We hope you are enjoying our two-part series on married sex. Last week we took a look at types of love, intimacy and sex. This week we look at how being a selfish lover may actually HELP your marriage! Before you shake your head and say we’ve lost our minds, read/listen on!
Healthy Balance of Selfishness and Unselfishness
Do you like for your partner to climax when you’re having sex? If so, a certain degree of “selfishness” on their part has to happen! What?!?
Let us explain. The Bible says to “love your neighbor as yourself” (Mark 12:31) and “husbands ought to love their own wives as their own bodies” (Ephesians 5:28) You are actually loving your spouse by knowing and getting yourself to the point of orgasm during sex.

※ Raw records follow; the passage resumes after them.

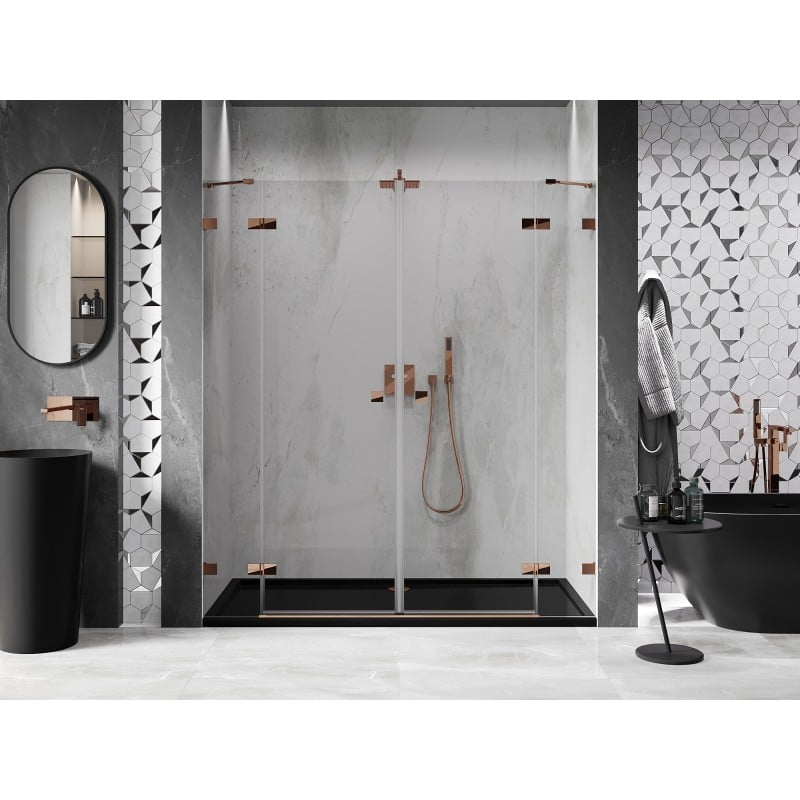 Mexen Lunar Duo drzwi prysznicowe uchylne 170 cm, transparent, różowe złoto - 834D-170-000-60-00
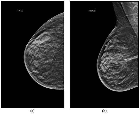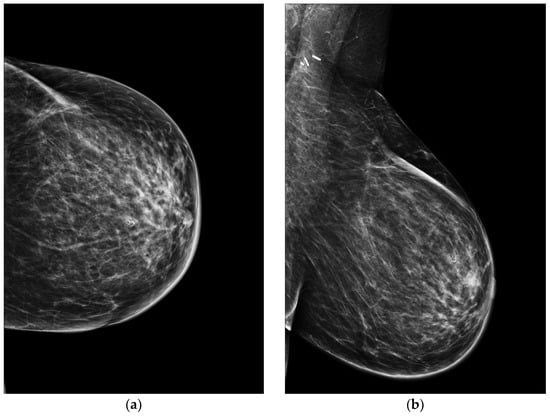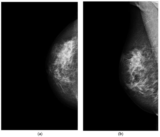 Focusing on PBAs, Wu et al. investigated their features on mammography, concluding that they are nonspecific []. Indeed, the authors describe PBAs as lobulated or oval masses, large diffuse asymmetries with irregular density, alterations of breast trabecular structure, thickened local vessels, irregular densities of subcutaneous fat, and skin thickening. Nevertheless, no enlarged axillary lymph nodes were reported. The authors did not find associated microcalcifications: this could be explained by the origin of PBA from parenchymal rather than ductal structures (where the calcium is deposited) and/or by its rapid growth []. Another retrospective study published by Wang et al. investigated PBAs on 36 patients and agreed on the nonspecificity of their mammographic characteristics: circumscribed noncalcified masses were described in most of the patients and no remarkable findings were found in 43.8% of patients []. However, patients diagnosed with PBA were more likely to present with a clinically and radiographically detectable parenchymal mass than those with SBA (p < 0.002) []. Additionally, BA might manifest as a focal asymmetry and this can be explained by its infiltrating nature [] (Figure 2).
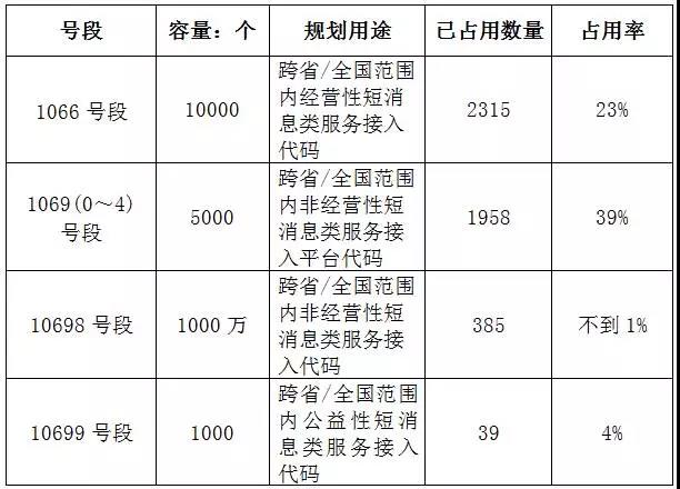 根据《电信网编号计划(2017年版)》中“106号段的具体规划”,目前工信部已启用1066号段、1069(0~4)号段、10698号段、10699号段四类跨地区短消息接入代码供各类单位申请使用。

Let’s look at it a different way: if you are ALL about pleasing your partner while denying yourself the chance to orgasm, you are not going to please them. Your partner wants you to have an orgasm—that’s part of the beautiful process of sex. If you continually deny yourself orgasm, you are denying your partner the chance to be a part of YOUR orgasm.
In “A Celebration of Sex,” Dr. Doug Rosenau calls this “righteous selfishness.” It’s a kind of paradox. In order to ultimately fulfill your spouse’s utmost sexual desires, you have to seek out some responsibility for your orgasm while you are having sex with your partner.

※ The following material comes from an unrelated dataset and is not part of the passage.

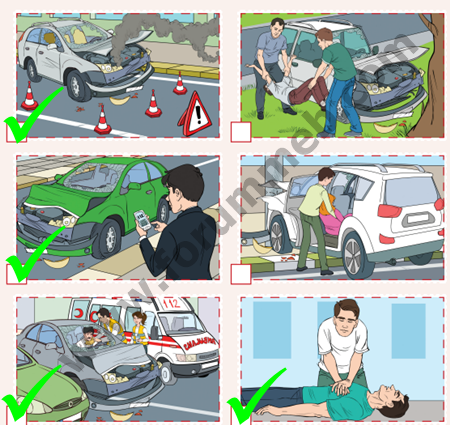 Soru : Aşağıdaki görselleri inceleyelim. İlk yardımda yapılan doğru müdahalenin anlatıldığı görsellerin yanındaki kutucukları işaretleyelim.
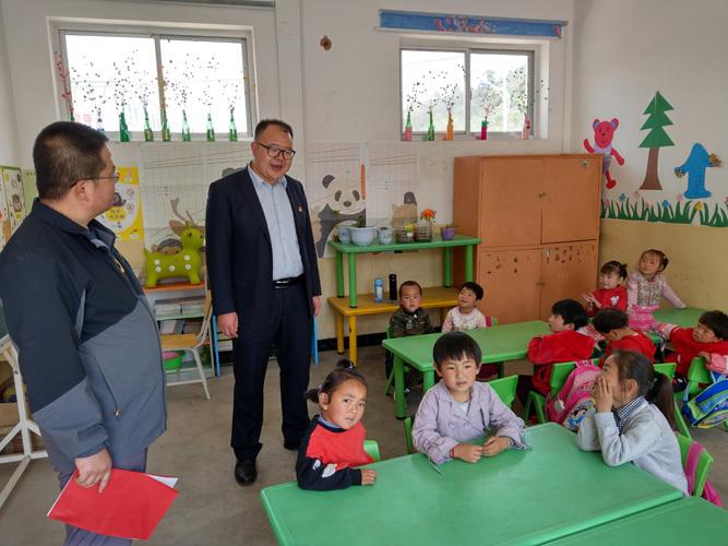 2019年5月9日,邱軍在華池縣城壕鎮(zhèn)太陽(yáng)幼兒園了解幼兒園辦學(xué)情況。

To put it another way: healthy selfishness is having an orgasm. Unhealthy selfishness is being unwilling to empathize with the other person’s needs and desires. Healthy unselfishness is pleasuring your spouse. Unhealthy unselfishness is playing the sexual martyr or being passive-aggressive.
According to Dr. Doug Rosenau in his book “A Celebration of Sex”, a healthy self-concept is important. Having a positive view of yourself and your partner enhances sex.
That means ladies, your man may want to be with you more when you stop asking “does my butt look big in these jeans?” It’s self-defeating. He sees you as beautiful and wants to be with you.
6 Character Traits of a Fantastic Lover
What makes married sex great?
1. Playfulness – includes excitement, curiosity, eagerness, & spontaneity “You cannot work at creating better lovemaking – you and your mate have to play at it.” Doug Roseneau
2. Love – you must love yourself and love your mate. Accept yourself and your mate – strengths of your appearance as well as “flaws”.
3. Knowledge – become a student of your mate and yourself. Technical knowledge of sexuality.
4. Honesty – “dishonesty destroys trust, allows boredom, and creates confusion & hostility.” Doug Roseneau
Examples: 1. Husband who lacks sexual skills but can’t admit to himself – says to himself “She says sex isn’t very fun, but she reaches a climax most of the time.” 2. Wife who plays manipulative sexual games – she says to herself “If he forgets our anniversary again, he won’t get sex for a month.”
5. Creative Romance – surprise gifts, foot & leg massages, verbal demonstrativeness, mutual showers, dinners with candlelight, soft glances
6. Discipline – keep a time sacredly reserved for sex
-Go to bed at the same time
-Teach children to respect a locked door
-Agree to schedule lovemaking so many times per week
Out of the sex, I mean “six” character traits, knowledge is key. Taking (Insert Your Spouse’s Name Here) 101, will go far in your relationship.
Study your spouse. Creative romance may not mean gifts or candlelight. Because you know your spouse, you may know that hiking the Appalachian Trail would be a greater turn on. Because you know your spouse you may seek spontaneous sex instead of scheduled sex because she likes surprises, or vice versa. Knowledge is key.